Leôncio não esperava que ela admitisse sua identidade por conta própria.
Naquele momento, ele finalmente entendeu:
— Então você já sabia que eu tinha descoberto que você era Stella Jesus.
Depois de dizer isso, ele tirou um lenço do bolso e o estendeu para ela.
— Limpe o rosto.
— Obrigada.
Alba pegou o lenço. Depois de secar as lágrimas, Leôncio tirou o próprio paletó e o colocou sobre os ombros dela. Em seguida, abriu a marmita e a empurrou na direção dela:
— Você só vai ter forças para enfrentar qualquer coisa se estiver de estômago cheio, não acha?
Alba olhou para a comida quente e cheirosa na marmita, pegou um punhado com as mãos e começou a enfiá-lo na boca.
Leôncio estendeu a mão para impedi-la, mas parou no meio do gesto.

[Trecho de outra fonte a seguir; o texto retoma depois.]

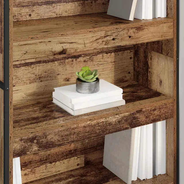 Ta industrijska knjižna omara je super kos za moderne dnevne sobe, saj ponuja stil in funkcionalnost. S pravokotno obliko in inženirskim lesom je prava mešanica inovacij in elegance. Idealna za ljubitelje notranjega oblikovanja, ta knjižna omara je umetniška kombinacija materialov, ki lahko postane središče pozornosti v vsakem prostoru ter nudi prosto mesto za vse vaše knjige in dekoracije.
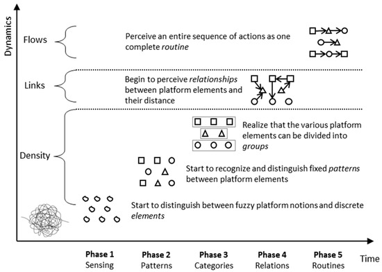 Considering that routines play a pivotal role in the conversion of platforms into proximity generators, the outlined learning process should prioritize a comprehensive grasp of the effective integration of platforms and routines. In the initial stages, regions not yet immersed in the realm of platforms face challenges in distinctly identifying the individual components. Thus, Phase 1 marks the shift from a vague comprehension of platforms to a more nuanced perception, empowering regions to discern specific functions and crucial elements associated with them. During this phase, regions begin to recognize the emergence of something novel and become increasingly attuned to new experiences stemming from these aspects. For example, a region transitioning through Phase 1 may initially perceive social media platforms as mere communication tools. However, as the phase unfolds, they start recognizing the platform’s potential for community building, information dissemination, and public engagement. Previous studies have highlighted the role of social media platforms as enablers for community building and development [61]. Over time, these platforms contribute to the gradual accumulation of social capital within a region, fostering stronger social connections and collective engagement [62]. This heightened awareness allows the region to adapt and explore new possibilities, laying the groundwork for a more informed and purposeful utilization of platforms in subsequent phases.

— Lembro que, no ensino médio, toda vez que você sofria bullying e ficava magoada, comia desse jeito, como se estivesse descontando tudo na comida. Não imaginei que, depois de tantos anos, esse trauma ainda estivesse aí dentro.
Alba engoliu a comida com dificuldade, mas não conseguiu se conter e colocou outro punhado na boca.
Até que se engasgou, ficando com o rosto vermelho. Leôncio então segurou a mão dela.
— Stella Jesus... esses seis anos devem ter sido muito difíceis para você...
Os cílios de Alba tremeram levemente, e ela soltou um soluço abafado:
— Foram difíceis, mas eu sobrevivi...
Dizendo isso, forçou um sorriso e perguntou:
— Leôncio, e você? Viveu bem todos esses anos?
Leôncio sorriu com suavidade:
— Fui levando.
Alba esboçou um meio sorriso:
— Já que me reconheceu desde o nosso primeiro encontro, por que nunca me expôs?
Leôncio respondeu:
— Você mudou de nome e de identidade justamente para se esconder do Jefferson. Por que eu acabaria com isso e ainda colocaria mais peso nas suas costas?
— Obrigada.
Ela sorriu, mas o sorriso não chegou aos olhos.
— Somos velhos conhecidos, não precisa ser tão formal comigo.
Alba ficou parada em silêncio por alguns segundos antes de olhar para Leôncio:
— Eu vou indo. A gente se fala depois.
Quando terminou de falar e se virou para sair, Leôncio a segurou pelo pulso.
— Stella Jesus, não importa qual seja a dificuldade, eu sempre vou te ajudar.
Alba sorriu com gentileza, disse “obrigada” e saiu.
Ao chegar ao escritório da presidência, Jefferson estava de pé diante da janela panorâmica, fumando.
Quando a viu entrar, ainda com um paletó masculino sobre os ombros, seu rosto, que já estava severo, escureceu instantaneamente.
Ele caminhou até ela, estendeu a mão e, com um gesto brusco, derrubou o casaco dos ombros dela no chão.
— Depois de toda a confusão que você armou desta vez, não tem nada a me dizer?
Alba ficou parada, com as mãos rentes às costuras da calça, e devolveu a pergunta:
— Se eu disser que não fui eu, o senhor vai acreditar?
Jefferson franziu o cenho. Encarou-a em silêncio por um longo tempo antes de dizer:
— A Patrícia bateu na sua filha, mas já foi punida e detida. Alba, não seja tão implacável. Há consequências com as quais você não vai conseguir arcar.